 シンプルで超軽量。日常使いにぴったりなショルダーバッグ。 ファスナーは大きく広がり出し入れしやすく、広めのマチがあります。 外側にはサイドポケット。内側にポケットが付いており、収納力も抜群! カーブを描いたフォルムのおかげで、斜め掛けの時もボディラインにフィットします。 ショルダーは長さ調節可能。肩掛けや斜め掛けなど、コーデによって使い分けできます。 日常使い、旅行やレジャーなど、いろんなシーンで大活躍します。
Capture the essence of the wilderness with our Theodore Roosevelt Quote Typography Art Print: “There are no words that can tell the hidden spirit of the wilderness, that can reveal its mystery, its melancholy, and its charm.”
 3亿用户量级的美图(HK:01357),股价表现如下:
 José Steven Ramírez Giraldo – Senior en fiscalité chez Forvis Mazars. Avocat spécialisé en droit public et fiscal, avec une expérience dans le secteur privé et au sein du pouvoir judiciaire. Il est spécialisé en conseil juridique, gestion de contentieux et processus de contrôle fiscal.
==
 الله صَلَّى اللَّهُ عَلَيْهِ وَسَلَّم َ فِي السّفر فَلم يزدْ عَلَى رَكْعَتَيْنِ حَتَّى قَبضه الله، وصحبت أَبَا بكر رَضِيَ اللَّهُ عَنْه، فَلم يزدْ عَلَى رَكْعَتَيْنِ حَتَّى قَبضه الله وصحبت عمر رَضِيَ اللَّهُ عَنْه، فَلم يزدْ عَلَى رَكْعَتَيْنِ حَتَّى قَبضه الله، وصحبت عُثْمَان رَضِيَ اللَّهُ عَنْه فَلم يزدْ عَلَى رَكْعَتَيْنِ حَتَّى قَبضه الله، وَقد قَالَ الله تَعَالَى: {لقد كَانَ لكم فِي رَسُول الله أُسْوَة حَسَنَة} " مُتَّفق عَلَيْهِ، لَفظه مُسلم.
--
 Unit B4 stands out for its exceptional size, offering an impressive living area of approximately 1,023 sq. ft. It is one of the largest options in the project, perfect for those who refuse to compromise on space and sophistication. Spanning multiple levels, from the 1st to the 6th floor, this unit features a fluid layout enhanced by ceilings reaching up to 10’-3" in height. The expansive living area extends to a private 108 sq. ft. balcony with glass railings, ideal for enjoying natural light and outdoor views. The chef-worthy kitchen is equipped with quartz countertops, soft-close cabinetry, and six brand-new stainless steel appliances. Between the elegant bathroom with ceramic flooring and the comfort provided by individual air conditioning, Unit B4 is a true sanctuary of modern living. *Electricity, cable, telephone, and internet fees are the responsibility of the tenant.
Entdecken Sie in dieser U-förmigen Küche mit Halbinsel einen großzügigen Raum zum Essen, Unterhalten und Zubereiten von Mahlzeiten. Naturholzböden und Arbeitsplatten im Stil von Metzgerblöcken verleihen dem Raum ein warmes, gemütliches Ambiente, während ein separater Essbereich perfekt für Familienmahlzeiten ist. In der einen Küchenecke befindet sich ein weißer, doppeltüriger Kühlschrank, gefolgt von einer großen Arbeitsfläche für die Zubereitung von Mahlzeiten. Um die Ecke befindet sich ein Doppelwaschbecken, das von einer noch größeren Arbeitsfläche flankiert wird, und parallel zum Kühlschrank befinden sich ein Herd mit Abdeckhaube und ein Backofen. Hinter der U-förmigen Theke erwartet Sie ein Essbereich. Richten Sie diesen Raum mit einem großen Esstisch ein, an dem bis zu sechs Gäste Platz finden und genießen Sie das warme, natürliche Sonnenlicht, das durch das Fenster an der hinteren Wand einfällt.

* _Exercise_: Copy out precisely the lines from the line with "Capture the essence" to the line with "José Steven Ramírez" in the material above, including those two lines and omitting all the rest.

* _Task solution_:
Capture the essence of the wilderness with our Theodore Roosevelt Quote Typography Art Print: “There are no words that can tell the hidden spirit of the wilderness, that can reveal its mystery, its melancholy, and its charm.”
 3亿用户量级的美图(HK:01357),股价表现如下:
 José Steven Ramírez Giraldo – Senior en fiscalité chez Forvis Mazars. Avocat spécialisé en droit public et fiscal, avec une expérience dans le secteur privé et au sein du pouvoir judiciaire. Il est spécialisé en conseil juridique, gestion de contentieux et processus de contrôle fiscal.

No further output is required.